IN51C-06
Connecting real-time data to algorithms and databases: EarthCube’s Cloud-Hosted Real-time Data Services for the Geosciences (CHORDS)

Friday, 18 December 2015: 09:13
2020 (Moscone West)
Michael D Daniels1, Sara J Graves2, Branko Kerkez3, V. Chandrasekar4, Frank Vernon5, Charles L Martin6, Manil Maskey2, Ken Keiser2 and Mike James Dye7, (1)National Center for Atmospheric Research, Earth Observing Laboratory, Boulder, CO, United States, (2)University of Alabama in Huntsville, Huntsville, AL, United States, (3)University of Michigan Ann Arbor, Ann Arbor, MI, United States, (4)Colorado State University, 1373 Campus, Fort Collins, CO, United States, (5)University of California San Diego, La Jolla, CA, United States, (6)Natl Ctr Atmospheric Research, Boulder, CO, United States, (7)National Center for Atmospheric Research, Boulder, CO, United States
Abstract:
The Cloud-Hosted Real-time Data Services for the Geosciences (CHORDS) project was funded under the National Science Foundation’s EarthCube initiative. CHORDS addresses the ever-increasing importance of real-time scientific data in the geosciences, particularly in mission critical scenarios, where informed decisions must be made rapidly. Access to constant streams of real-time data also allow many new transient phenomena in space-time to be observed, however, much of these streaming data are either completely inaccessible or only available to proprietary in-house tools or displays. Small research teams do not have the resources to develop tools for the broad dissemination of their unique real-time data and require an easy to use, scalable, cloud-based solution to facilitate this access. CHORDS will make these diverse streams of real-time data available to the broader geosciences community.

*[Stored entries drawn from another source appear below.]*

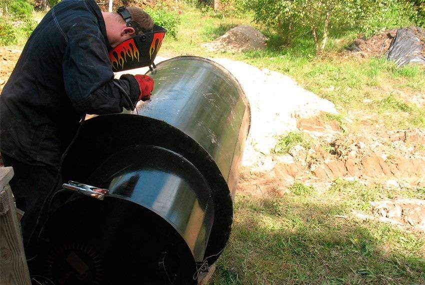 Если вы сможете недорого приобрести трубу диаметром 1–1,5 м нужной длины, она послужит отличной основой создания цилиндрического кессона. Самостоятельно из листов проще сварить резервуар с квадратным основанием.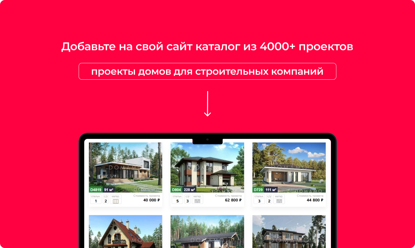 В этом случае модуль также выводит полный каталог проектов Domamo на выбранной странице вашего сайта, но значительно расширяются возможности для строительной компании. Вы сможете более избирательно показывать проекты, добавлять комплектации и стоимость строительства. Добавляются такие функции: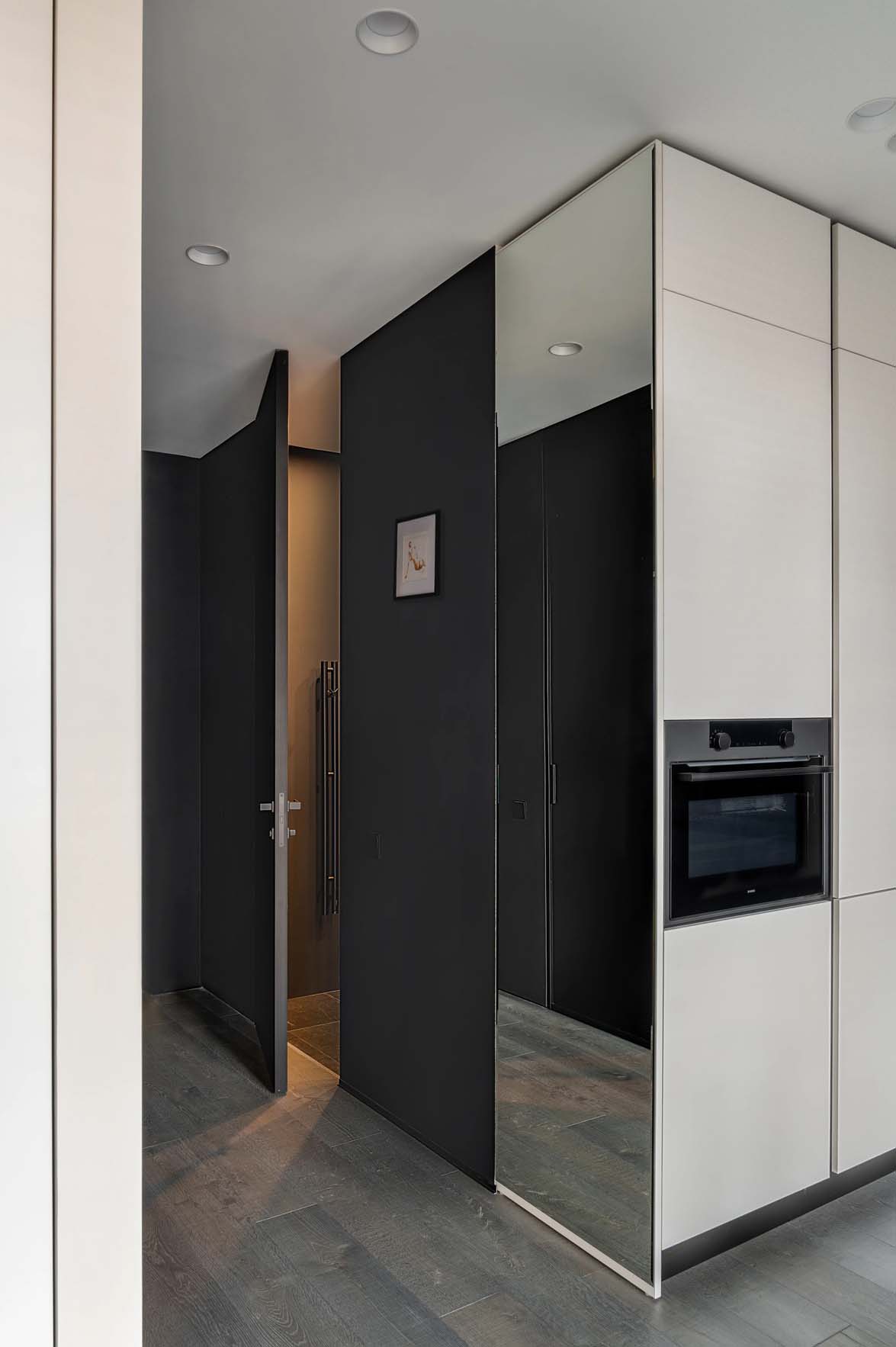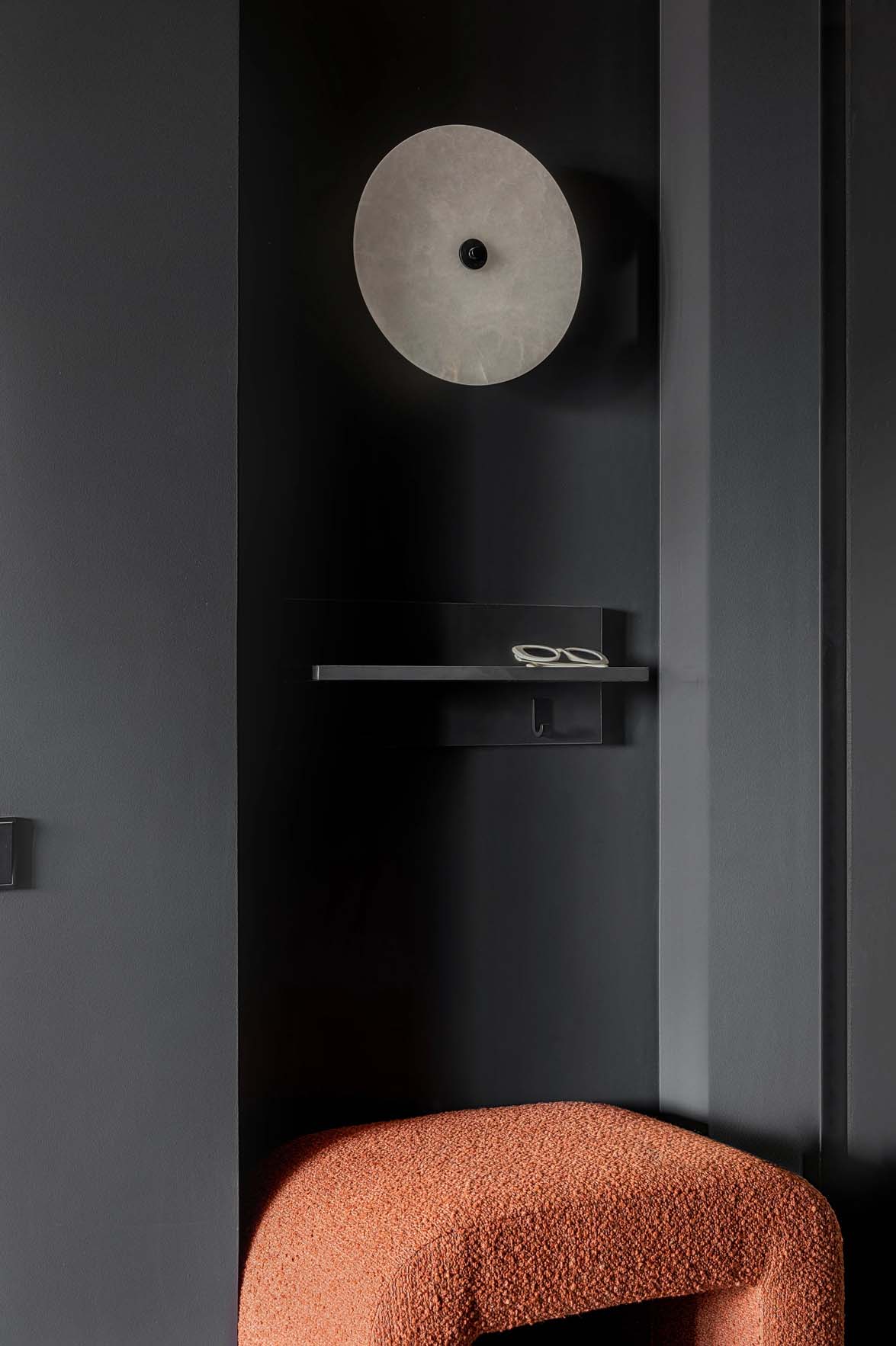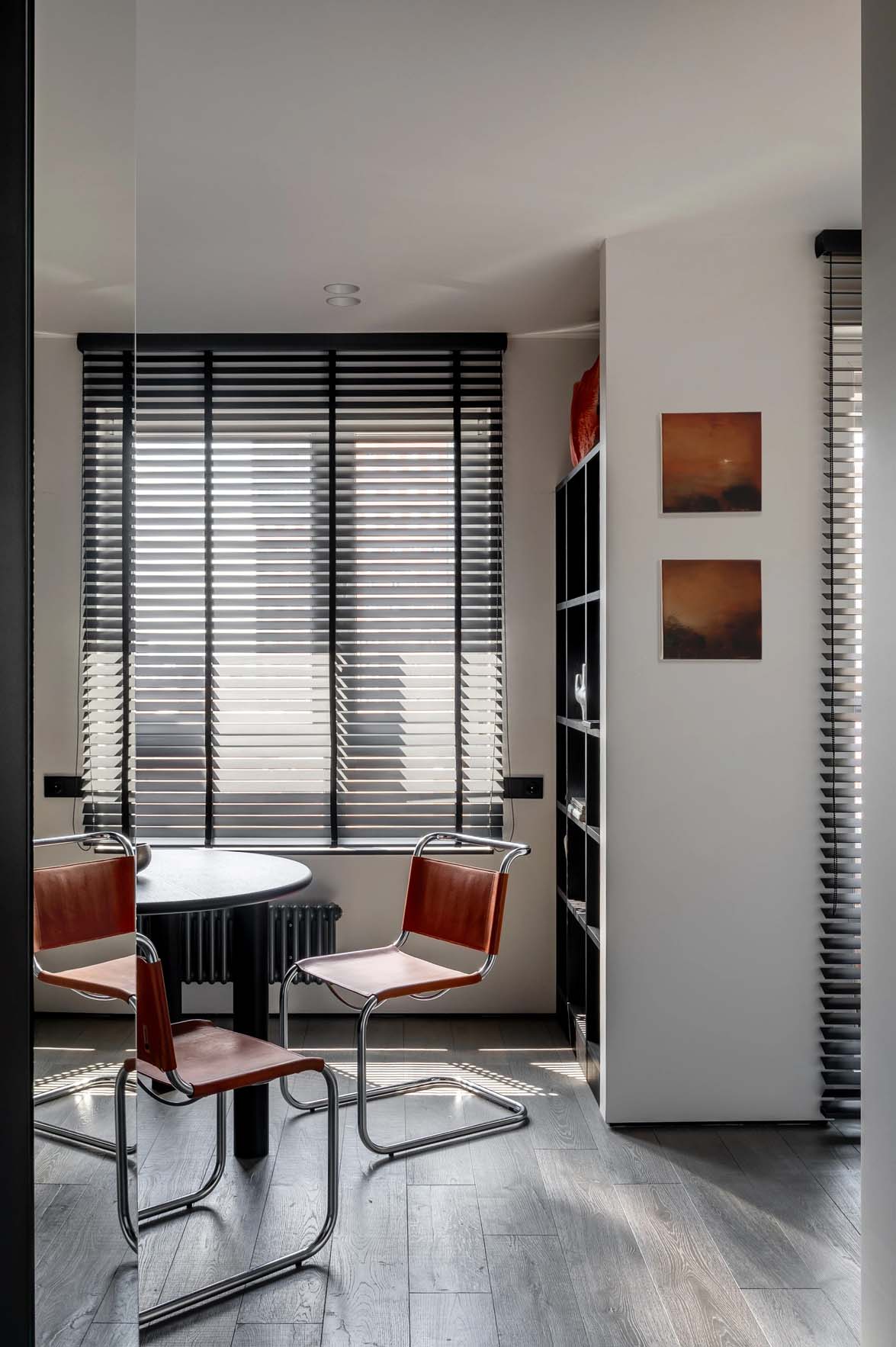 A legfőbb kihívás az volt, hogy az egyszobás lakást olyan stílusos és funkcionális térré formálják, amely passzol a képregénygyűjtő tulajdonos személyiségéhez is. Ehhez egy merész tervezői eszközt vetettek be: a falak és bútorok esetében a terek vizuális tagolására, a zónák kijelölésére a fekete színt használták.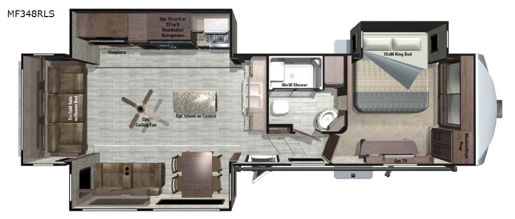 Back down at the main level notice the wide open space thanks to dual opposing slide outs. There is a dining table with four chairs and theater seating for two with cup holders along the curb side. Opposite find a kitchen with a three burner range including overhead microwave oven, refrigerator, pantry, and an entertainment center, plus fireplace all within a slide out. You can even choose an optional 12 cu. ft. refrigerator or 23 cu. ft. residential refrigerator. There is overhead storage and counter space with a double sink along the interior wall, plus an optional center island on casters for added prep space and serving area if you like.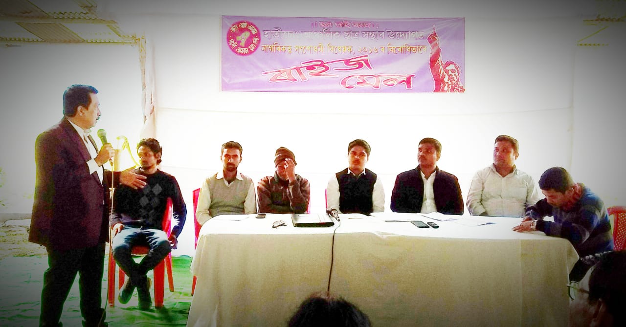 নগাঁওঃ ৰাজ্যৰ সৰ্বত্ৰে নাগৰিকত্ব সংশোধনী বিধেয়ক-২০১৬ ৰ বিৰুদ্ধে বিভিন্ন দল-সংগঠনে ব্যাপকৰূপে প্ৰতিবাদ সাবস্ত্য কৰি অহাৰ সময়তে নগাঁও জিলাৰ হাতীচোং আঞ্চলিক ছাত্ৰ সন্থাইও ধাৰাবাহিকভাৱে বিভিন্ন প্ৰতিবাদী কাৰ্যসূচী ৰূপায়ণ কৰি আহিছে৷ ইয়াৰ অংশহিচাপে দেওবাৰে চকলাঘাট ৰাস মন্দিৰ প্ৰাংগণত জাতি ধ্বংসী বিধেয়কখন বাতিলৰ দাবীত আৰু অনাগত দিনত কৰ্মপন্থা যুগুত কৰাৰ উদ্দেশ্যে এখন ৰাইজ মেল অনুষ্ঠিত কৰা হয়৷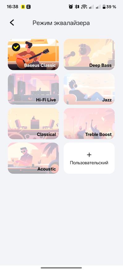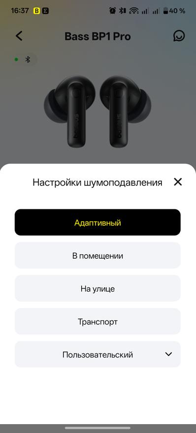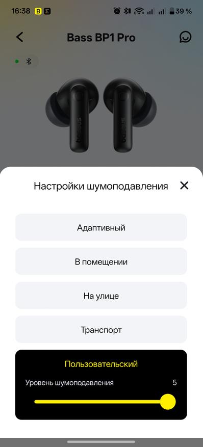 Что порадовало — так это хорошее шумоподавление и довольно гибкая адаптация к внешним звукам. Они реально отсеивают внешние шумы, оставляя вас наедине с вашими любимыми треками. Для корректной настройки добавим наушники в приложение Baseus. Стоит отметить, наушники локализованы и нужно выбирать регион Европа для добавления устройства. В приложении появляется информация о статусе зарядки и наушников, и кейса, можно выбрать один из пяти вариантов шумоподавления. Не забываем активировать режим передачи высококачественного звука, тогда наушники начинают работать с кодеком LDAC. Можно обновлять программное обеспечение гаджета «по-воздуху». Для того, чтобы настроить звучание под себя можно выбрать один из нескольких предустановленных вариантов эквалайзера или настроить свой пользовательский.

This talk will highlight a recently developed CHORDS portal tools and processing systems which address some of the gaps in handling real-time data, particularly in the provisioning of data from the “long-tail” scientific community through a simple interface that is deployed in the cloud, is scalable and is able to be customized by research teams. A running portal, with operational data feeds from across the nation, will be presented. The processing within the CHORDS system will expose these real-time streams via standard services from the Open Geospatial Consortium (OGC) in a way that is simple and transparent to the data provider, while maximizing the usage of these investments. The ingestion of high velocity, high volume and diverse data has allowed the project to explore a NoSQL database implementation. Broad use of the CHORDS framework by geoscientists will help to facilitate adaptive experimentation, model assimilation and real-time hypothesis testing.